As per the ClinDrugTrialGCP and the BioequivTrial, the IB contains information and data about preclinical research and clinical trials on the investigational product(s) (IPs). The IB also demonstrates that clinical information related to the IP has been provided to the principal investigator (PI).

As specified in the ClinDrugTrialGCP, the IB must provide coverage of the following areas:

• Information about the IP, including the ingredients, production processes, and quality standards
• For pharmaco-chemical drugs, pharmaceutical drugs, traditional medicines: proof of compliance with Good Laboratory Practice (GLP) for research institutions or proof of compliance with Good Manufacturing Practice (GMP) for drug manufacturers
• For vaccines: proof of compliance with quality testing requirements from national inspection agencies or ex-warehousing certificates for vaccine or biological batches
• Preclinical research documents for the IP: research reports on pharmacological effects, toxicity, safety, recommendations on dosage, route of administration, and usage
• Clinical research papers from the previous phases (if clinical trials are recommended in the next phase and the IP is not subject to exemption from previous phases)

Quality Management

The ClinDrugTrialGCP specifies that the IPs must be manufactured in a GMP-certified facility.

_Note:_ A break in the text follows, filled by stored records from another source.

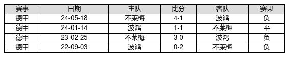 波鸿 VS 不莱梅两队近10年的交战次数为4场,波鸿0胜1平3负,赢球概率为0.0%,平局概率为25.0%,输球概率为75.0%。
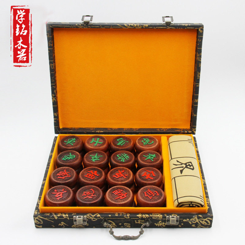 📚 中式实木象棋血檀木黑檀木象棋送皮革棋盘木质中国象棋下棋套装
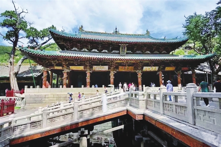 “十”字形古桥“鱼沼飞梁”位于圣母殿与献殿之间,是通往圣母殿的要道。北魏郦道元的《水经注》中记载:“沼西济山枕水,有唐叔虞祠,水侧有凉堂,结飞梁于水上。”可见,此桥早在1500多年前的北魏就已经存在。桥下是一个方形的鱼池,古人称圆为池,方为沼,而沼中多鱼,故名“鱼沼”。池中立有34根小八角石柱,柱上架斗拱,斗口十字相交,以承接梁、额与横梁,而梁上架有十字桥面,由中心向四周伸下阶梯连接四边地面,即“飞梁”。石柱在水中耐腐,而木构斗拱与梁枋又兼具韧性,桥板用石质则又耐磨,这种扬长避短的构思,让鱼沼飞梁得以长久保存下来。木斗拱与梁枋的交互作用,改变了桥面左右的推力传递,使桥面所受力道向下传至桥柱,桥柱荷载梁枋,而梁枋又承托桥面。这种巧妙的受力结构,让整个鱼沼飞梁成为凌驾于水面的完整平面结构。梁思成曾言:“此式石柱桥,在古画中偶见,实物则仅此一孤例,洵为可贵。”
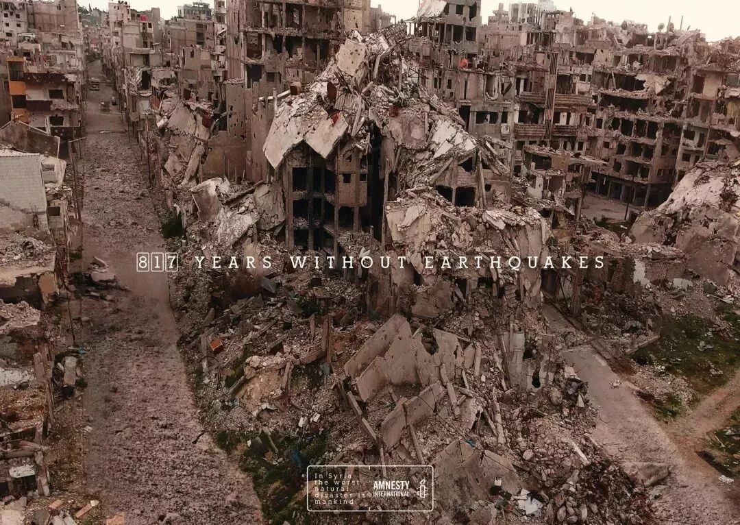 这是一组针对叙利亚内战的平面海报,记录了就算没有地震、飓风等,自然灾害下的叙利亚依然一片狼藉。其实,最严重的自然灾害就是人类本身的行为。
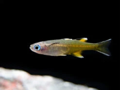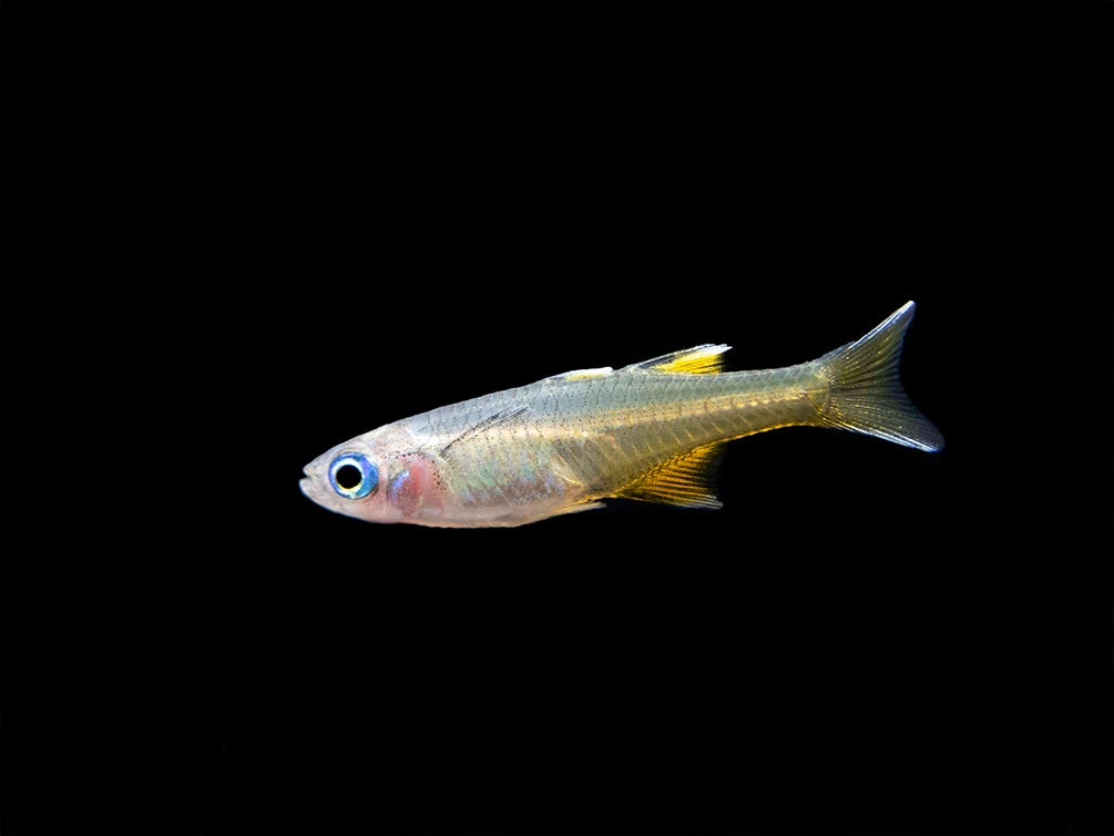 The Pacific Blue Eye Signifer Rainbowfish (Pseudomugil signifer) is the most widespread and variable of the blue eye rainbowfish that inhabit the freshwater and brackish rivers and estuaries of coastal Western Australia. It lives in very large schools in areas with dense vegetation, so it is an ideal candidate for the planted aquarium. While some populations of this fish inhabit brackish or even fully marine water, it is not necessary to provide brackish water in the aquarium. Males display brilliant yellow to orange coloration on their bodies and fins, particularly while competing/posturing with other males. Females also possess this attractive coloration, but to a lesser extent. Both males and females feature stunningly bright blue eyes that contrasts beautifully with their yellow to orange bodies.
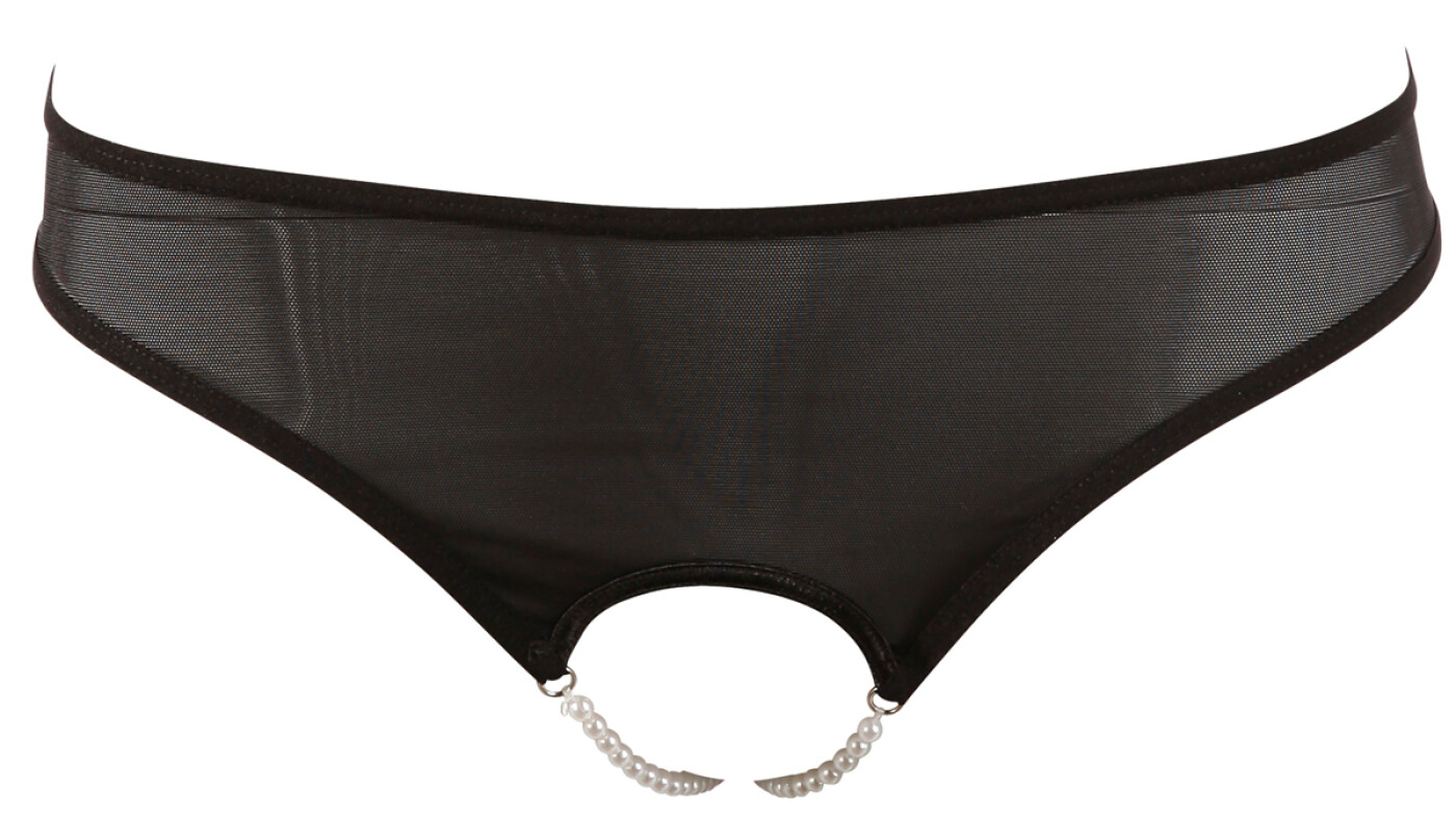 lack sheer mesh brief with two white pearl chains in the open crotch area. 90% polyamide, 10% spandex.

The research institutions must also include a copy of the GMP certificate in the study approval dossier that is submitted to the ASTT.

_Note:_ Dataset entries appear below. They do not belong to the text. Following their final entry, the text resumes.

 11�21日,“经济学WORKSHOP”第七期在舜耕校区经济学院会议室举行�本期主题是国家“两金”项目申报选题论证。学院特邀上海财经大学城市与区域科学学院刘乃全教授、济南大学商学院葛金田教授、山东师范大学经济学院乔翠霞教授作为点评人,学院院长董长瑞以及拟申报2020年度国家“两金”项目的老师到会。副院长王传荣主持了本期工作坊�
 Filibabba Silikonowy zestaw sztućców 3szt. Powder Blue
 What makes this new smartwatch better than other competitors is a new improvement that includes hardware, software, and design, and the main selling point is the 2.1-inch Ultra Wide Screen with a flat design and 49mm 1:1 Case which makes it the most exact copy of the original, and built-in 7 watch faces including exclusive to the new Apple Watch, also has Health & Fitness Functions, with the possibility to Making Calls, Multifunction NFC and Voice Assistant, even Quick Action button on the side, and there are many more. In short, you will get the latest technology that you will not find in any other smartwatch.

(See the Product Management section for additional information on IP supply, storage, and handling requirements).

Investigational product (IP) labeling in Vietnam must comply with the requirements set forth in PharmLaw-VNM. Per VNM-12, the requirements in Articles 7 and 8 of the MedLabel should also be applied to IP labeling.

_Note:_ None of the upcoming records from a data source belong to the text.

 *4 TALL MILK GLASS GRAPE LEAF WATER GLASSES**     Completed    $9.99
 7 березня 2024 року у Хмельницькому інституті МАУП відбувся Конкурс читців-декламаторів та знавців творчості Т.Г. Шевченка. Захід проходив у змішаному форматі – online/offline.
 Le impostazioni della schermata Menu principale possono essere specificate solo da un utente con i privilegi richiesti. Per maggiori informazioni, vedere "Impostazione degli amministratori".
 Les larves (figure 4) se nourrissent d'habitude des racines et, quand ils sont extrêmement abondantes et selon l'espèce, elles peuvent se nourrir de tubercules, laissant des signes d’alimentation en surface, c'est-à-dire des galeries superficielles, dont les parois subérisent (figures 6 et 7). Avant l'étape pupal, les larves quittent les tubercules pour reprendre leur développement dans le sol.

According to the MedLabel, the outer packaging label of the drug must show the following:

• Drug name
• Dosage form
• Ingredients, content, and volume or concentration of pharmaceutical ingredients and medicinal materials in the drug formula
• Packaging specifications
• Indications, usage, and contraindications of the drug
• Circulation registration number or import license number (if any)
• Production batch number, date of manufacture, expiry date of the drug, quality standards, and drug storage conditions
• Signs to note and recommendations when using the drug
• Name and address of the drug manufacturing facility
• Name and address of the import facility (for imported drugs)
• Origin of the drug

Additionally, as stated in the MedLabel, the intermediate packaging label of the drug must contain at least the following information:

• Drug name
• Production batch number
• Expiry date

As set forth in PharmLaw-VNM, the IP must also be clearly labeled with the wording: “Products used for clinical trials. Use for other purposes is prohibited.” According to VNM-12, this wording should be in Vietnamese. A sample IP with the label in the smallest packed unit must also be included in the study approval dossier.

(See the Product Management section for additional information on IP supply, storage, and handling requirements).

Supply, Storage, and Handling Requirements

The BioequivTrial (which amends Appendix I of the ClinDrugTrialGCP) indicates that at the end of a clinical trial, the principal investigator (PI) must inventory the investigational product (IP). The sponsor is responsible for storing the IP and for working with the host institution to withdraw and destroy the unused or remaining products, in accordance with applicable regulations.

Record Requirements

As stated in the BioequivTrial, the sponsor and the PI are responsible for filing the following essential documents before the trial begins and during the conduct of the trial:

• Sample(s) labels attached to IP container(s) (only the sponsor is required to file this information)
• Instructions for handling IPs and trial-related materials (if not included in protocol or Investigator’s Brochure (IB))
• Shipping records for IP- and trial-related materials

In addition, the sponsor and the PI are responsible for maintaining records of handling instructions and shipping records for IPs and trial-related materials.

No information is currently available.